4.1 Critical Review & Analysis
The results of the Fintech conceptual framework are based on a careful assessment and analysis of the literature as well as the foundations of diverse theories. Business drivers are an input, Fintech mechanisms are an output, and Technological Innovation is an input.
4.1.1 Business Drivers
Business drivers that disrupt, apply IT to finance, and promote competitiveness for technology innovation in financial industry sectors. According to the findings of the poll, technology is one of the most important business drivers (68.8 percent). Money flow came in second (20.8 percent) and was followed by the organisation (10.4 percent) in driving business in the banking sector. In keeping with past Fintech research that emphasize the role of technology in conducting business.
4.1.2 FinTech Mechanism
FinTech mechanisms can help businesses grow, evolve, and improve. FinTech also causes financial industry disruption. Additionally, implementing IT for finance can result in increased business competition. Fintech disrupts (1.9 percent), implements IT in finance (67.9%), and creates corporate competitiveness, according to survey data (5.2 percent).
4.1.3 Technological Innovation
FinTech is a technology advancement that results from financial sector business innovation, resulting in new services/products, procedures, and business models.
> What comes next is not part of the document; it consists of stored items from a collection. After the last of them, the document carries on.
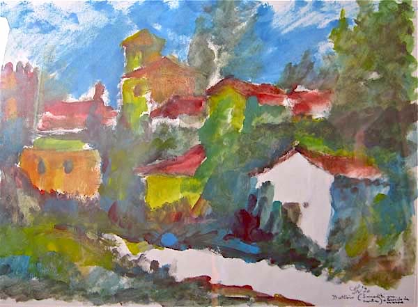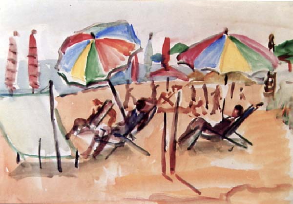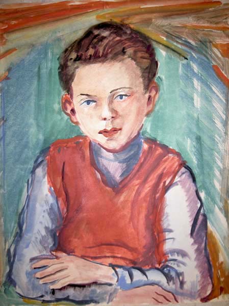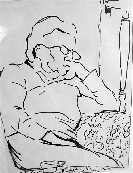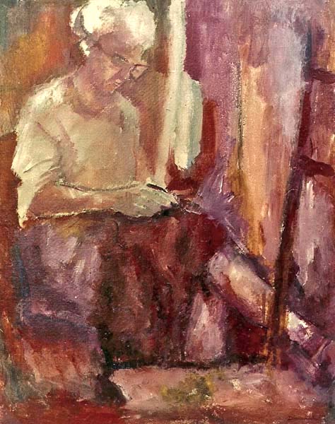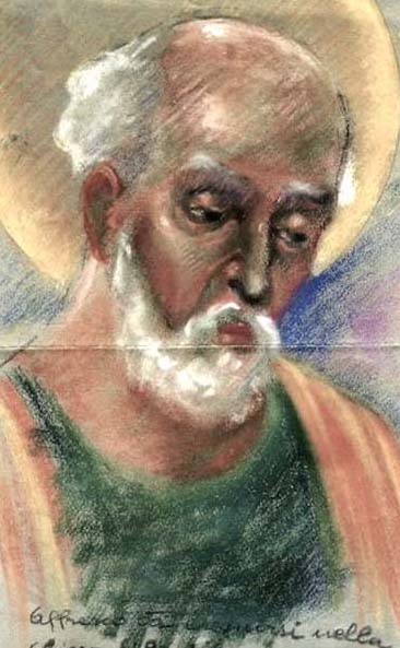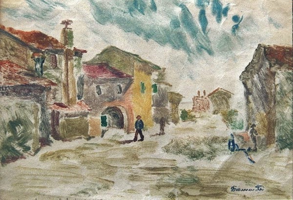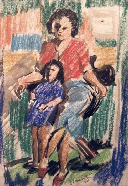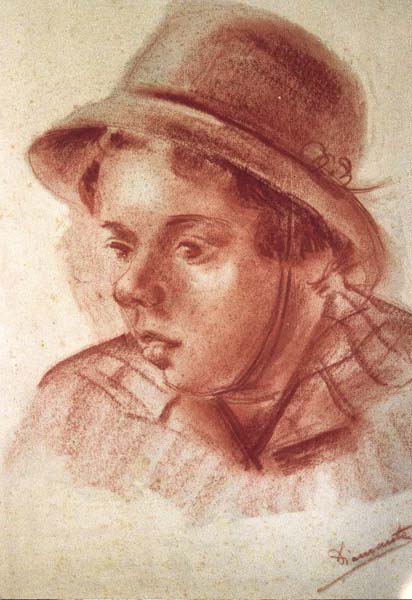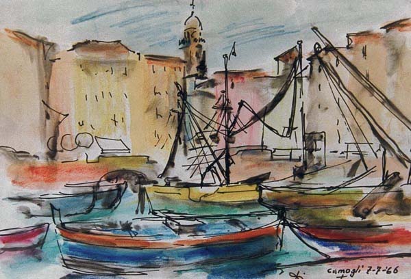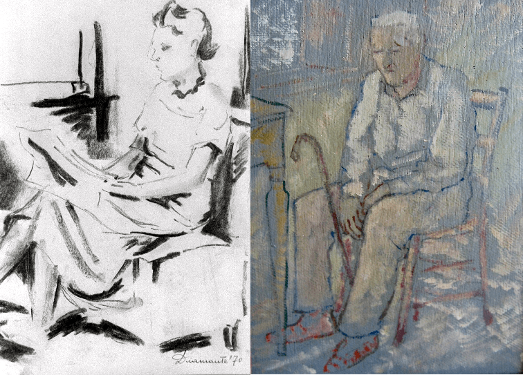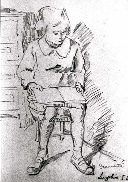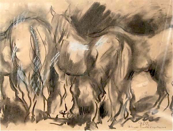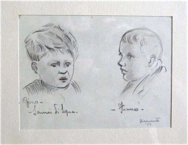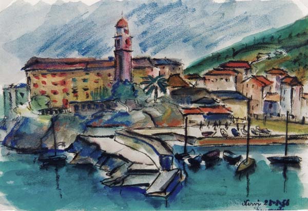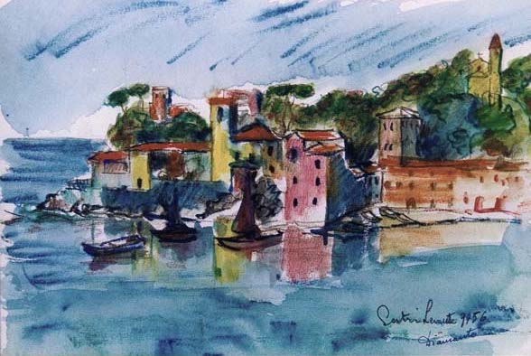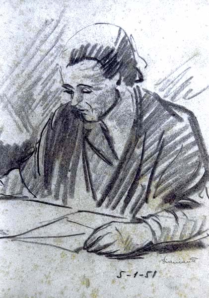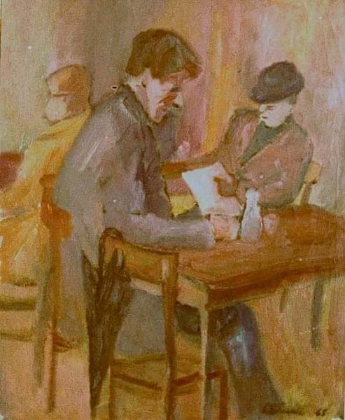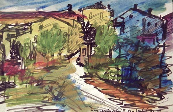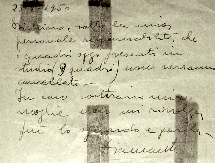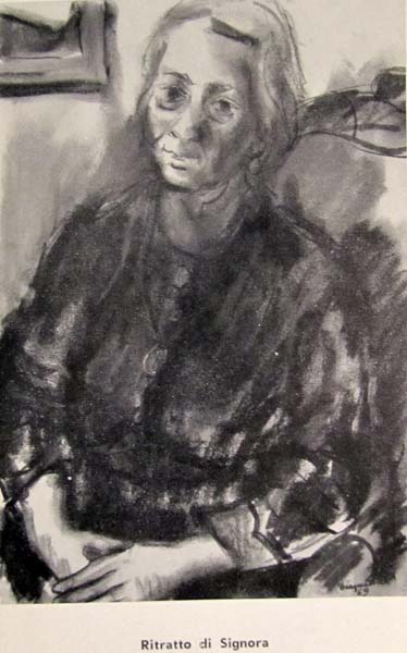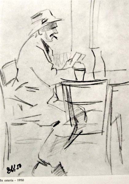 La moglie, Vittorina, lo ha sempre seguito nel suo lavoro; spesso lo invitava (con scarso successo) a non eliminare, ridipingendo ad olio, opere precedenti. Un giorno arrivò a chiedergli una dichiarazione scritta. L’accontentò. Ma posso testimoniare che negli anni seguenti in cui vissi con loro quell’impegno fu più volte disatteso da mio zio… . E la zia continuò a rivolgergli la parola… V.V.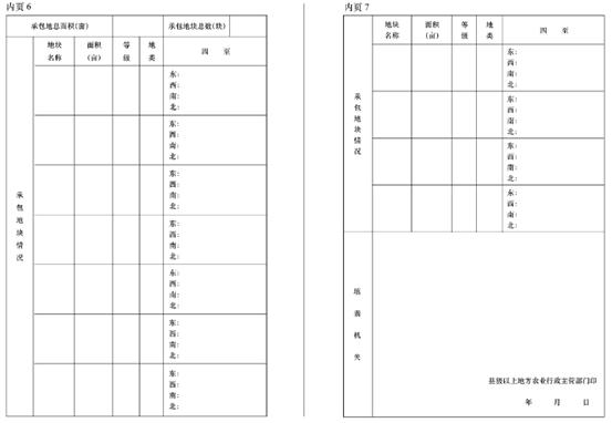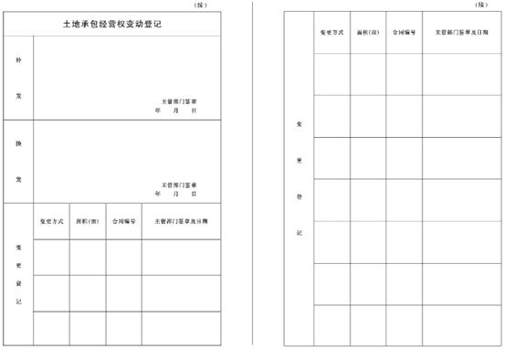 四、农村土地承包经营权证登记簿(样本)(以下附件样本均为缩小样)
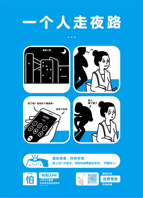 畫面勾勒了三個(gè)生活中常見場(chǎng)景小故事,分別是白領(lǐng)女孩下夜班回家路上被陌生男子尾隨,巧用怕怕APP的偽裝男友來電功能嚇退歹徒;時(shí)髦女孩獨(dú)自打夜車回家,被不良司機(jī)偷瞄還繞路,幸好有在怕怕APP上與男生分享實(shí)時(shí)位置,網(wǎng)約車司機(jī)知道自己的路線和車牌號(hào)已經(jīng)曝光遂放棄了圖謀不軌的念頭;女學(xué)生外出游玩獨(dú)自住經(jīng)濟(jì)旅館,半夜被敲門嚇得連喊”救命啊“,正是這聲”救命啊“觸了怕怕APP的語音報(bào)警功能,即使是凌晨怕怕客服仍舊第一時(shí)間通知女孩的多為親友及時(shí)展開救援。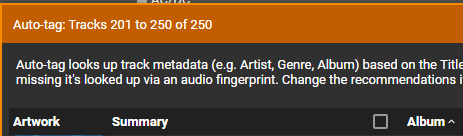 | Steps To Reproduce | 1 Select 114 files 2 Tools > Auto-Tag 3 Enable Title checkbox in Column Headers 4 Click Tag & Continue (no need to have MM finish processing files --> Window title shows Auto-tag: Tracks 201 to 114 of 114 This should be Auto-Tag: Files 101 to 114 of 114. With 250 files it becomes 401 t0 250 of 250, so it seems each Tag & Continue adds 200 instead of 100. Untested on free version. | ||||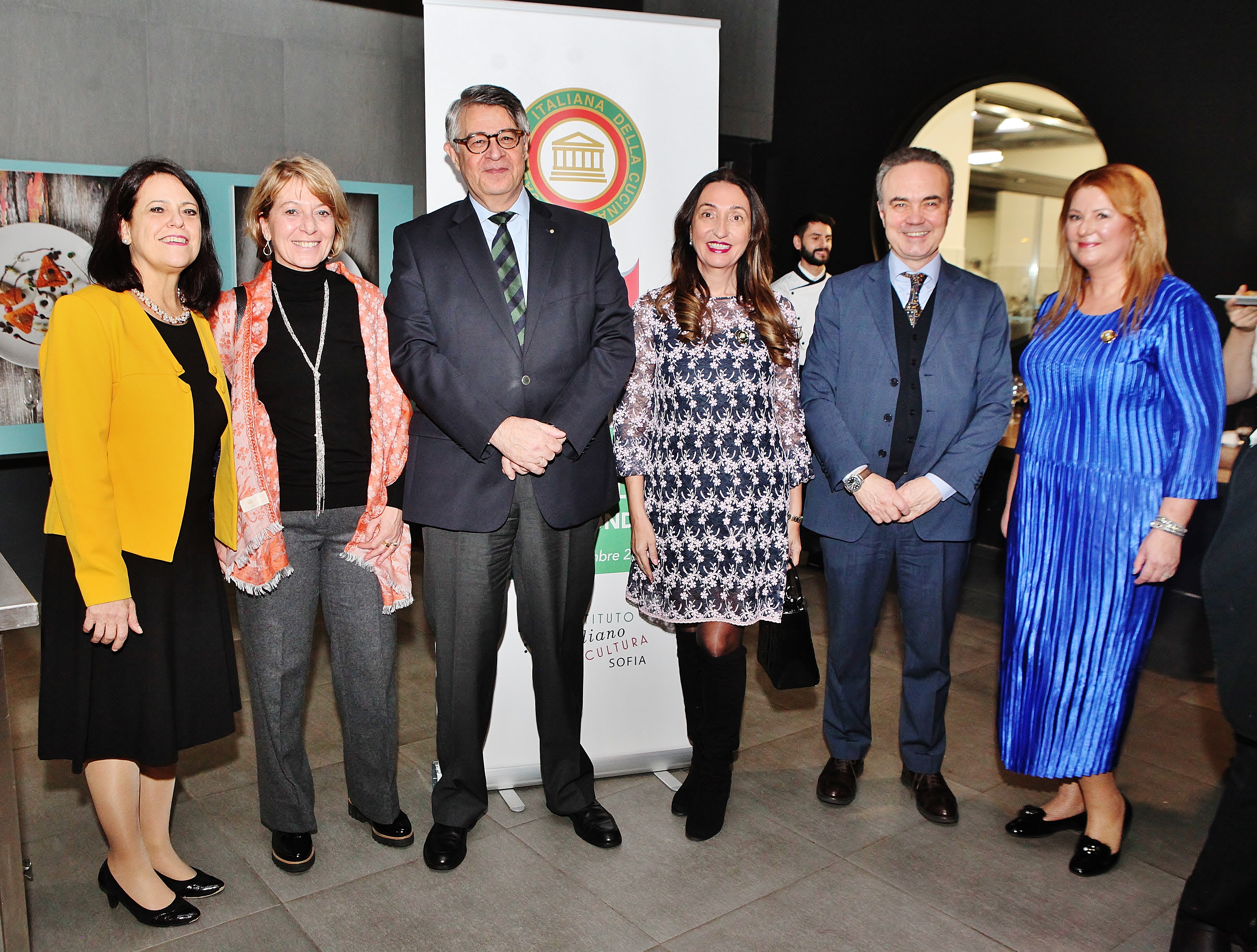 La Delegazione di Sofia, in occasione della "Settimana", ha organizzato presso l'HRC Culinary Academy una dimostrazione culinaria, in collaborazione con l'Istituto Italiano di Cultura a Sofia. Foto 1: (da destra) Penka Nesheva Delegata; S.E. Stefano Baldi Ambasciatore d’Italia a Sofia; Elena Cristiano Accademica; S.E. Grigorius Vassiloconstandakis Ambasciatore di Grecia in Bulgaria; Signora Baldi moglie dell'Ambasciatore; Luigina Peddi Direttrice dell'Istituto Italiano di Cultura a Sofia. Foto 2: lo chef Roberto Dal Seno e la Delegata Penka Nesheva. Foto 3: Accademici e ospiti. Foto 4: lo chef presenta i ravioli ripieni di baccalà, un piatto speciale fuori menu.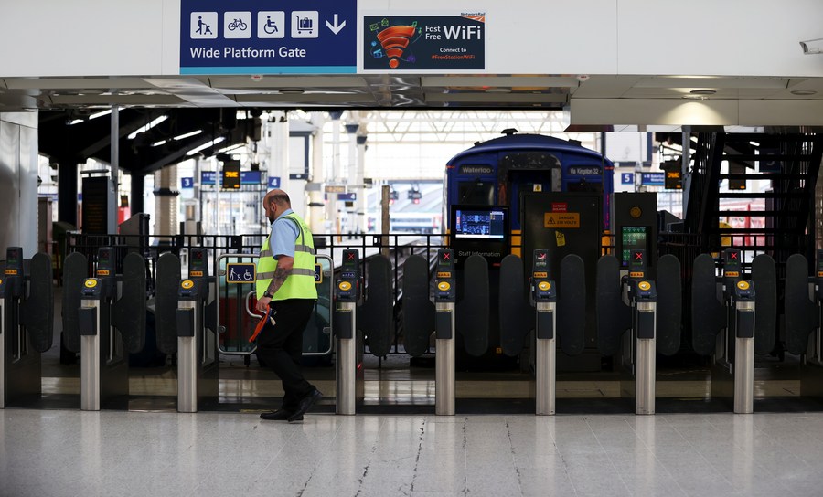 A staff member stands next to ticket gates in Waterloo Station in London, Britain, on Aug. 20, 2022. More than 50,000 workers from railway, tube and bus networks went on strike over pay and working conditions from Thursday well into the weekend. Passengers are suggested only to travel by train if necessary. (Xinhua/Li Ying)

According to the findings of the survey, Fintech innovation resulted in 37.6% new services and products. In addition, 33.8 percent of FinTech creates new business models, according to the survey data. Finally, 28.6% of technology innovation results in a new financial business procedure.
Conclusion
The goal of this study is to create a conceptual framework for presenting the FinTech mechanism's involvement in technical innovation in the financial services industry. The findings of this study show that defining FinTech as an IT application for finance based on its mechanism will result in a wide range of technical breakthroughs in the financial services industry. This study's conceptual framework for FinTech was built on various underlying theories and corroborated the survey's findings. The main constructs in the FinTech idea are the Business Driver, Fintech Mechanism, and Technological Innovation. Finally, the FinTech conceptual framework developed as a result of this research will aid future Fintech development for practitioners and scholars. FinTech's conceptual framework can be tested in the future through actual research.